- DATASET EXCERPT
- Opening Delimiter -

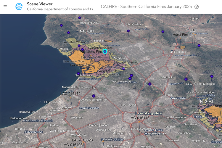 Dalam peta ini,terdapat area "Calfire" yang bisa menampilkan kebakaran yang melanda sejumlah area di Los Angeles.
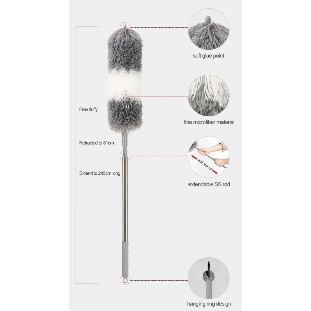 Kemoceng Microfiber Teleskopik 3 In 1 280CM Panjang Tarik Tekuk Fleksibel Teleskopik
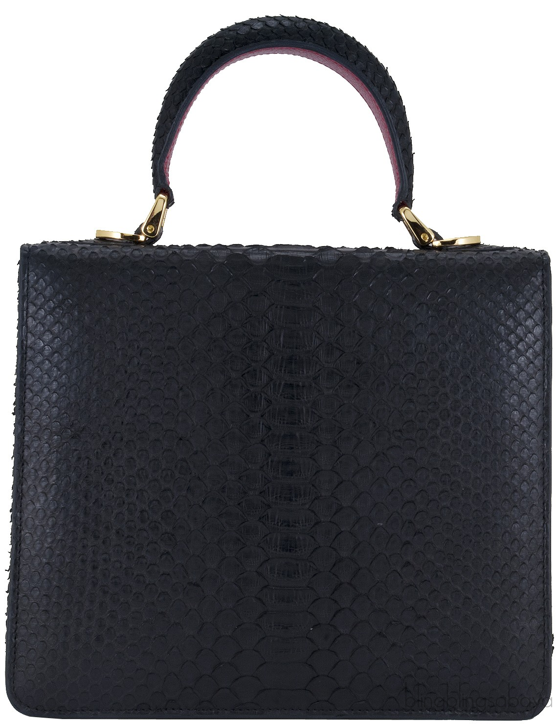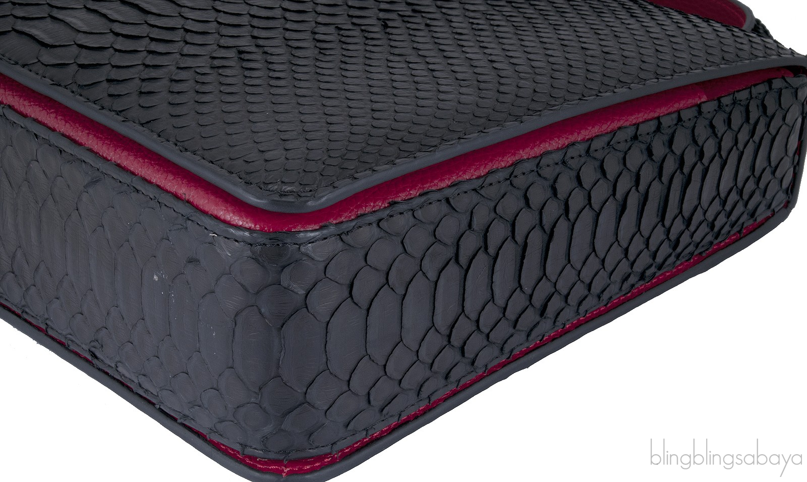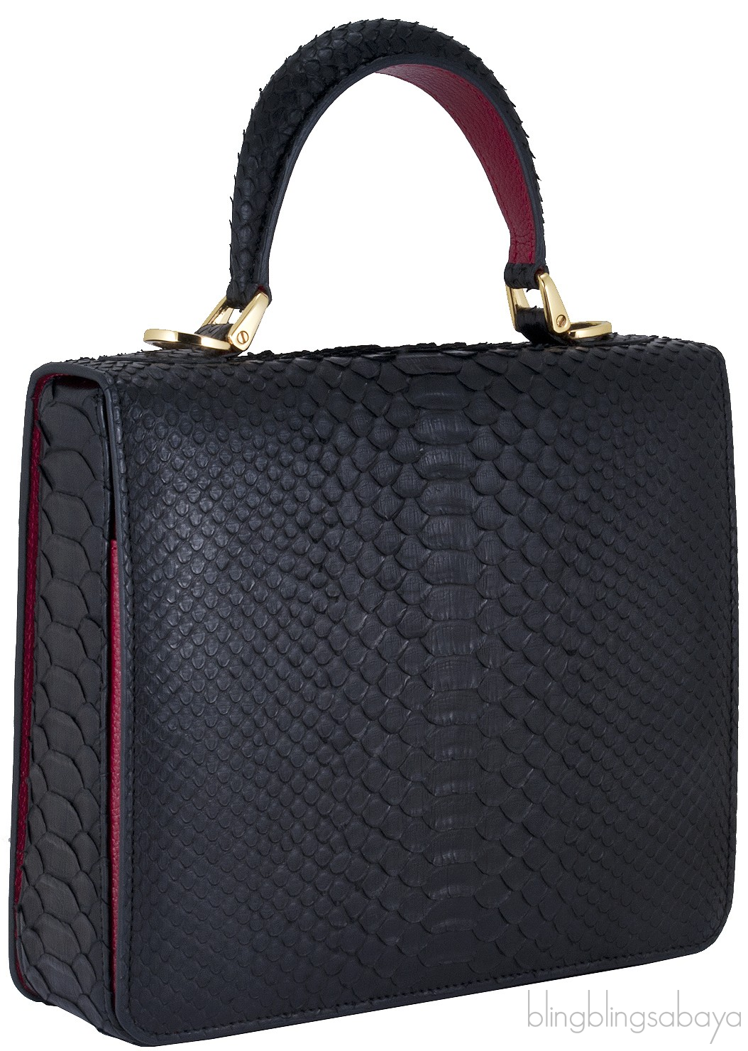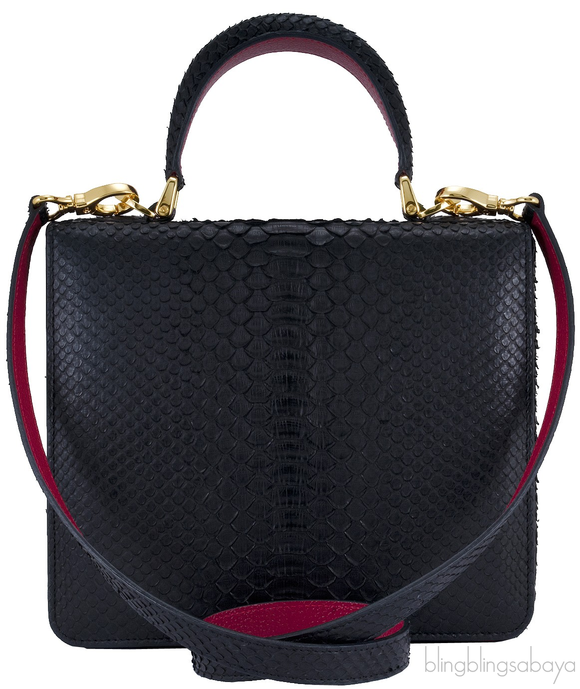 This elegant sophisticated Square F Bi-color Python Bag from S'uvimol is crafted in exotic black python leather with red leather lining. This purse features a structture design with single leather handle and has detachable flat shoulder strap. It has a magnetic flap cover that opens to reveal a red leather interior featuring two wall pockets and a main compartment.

- Closing Delimiter -

- WHAT THE TASK ASKS
Give the listing again word for word, without its images.

- TASK RESPONSE
 Dalam peta ini,terdapat area "Calfire" yang bisa menampilkan kebakaran yang melanda sejumlah area di Los Angeles.
 Kemoceng Microfiber Teleskopik 3 In 1 280CM Panjang Tarik Tekuk Fleksibel Teleskopik
 This elegant sophisticated Square F Bi-color Python Bag from S'uvimol is crafted in exotic black python leather with red leather lining. This purse features a structture design with single leather handle and has detachable flat shoulder strap. It has a magnetic flap cover that opens to reveal a red leather interior featuring two wall pockets and a main compartment.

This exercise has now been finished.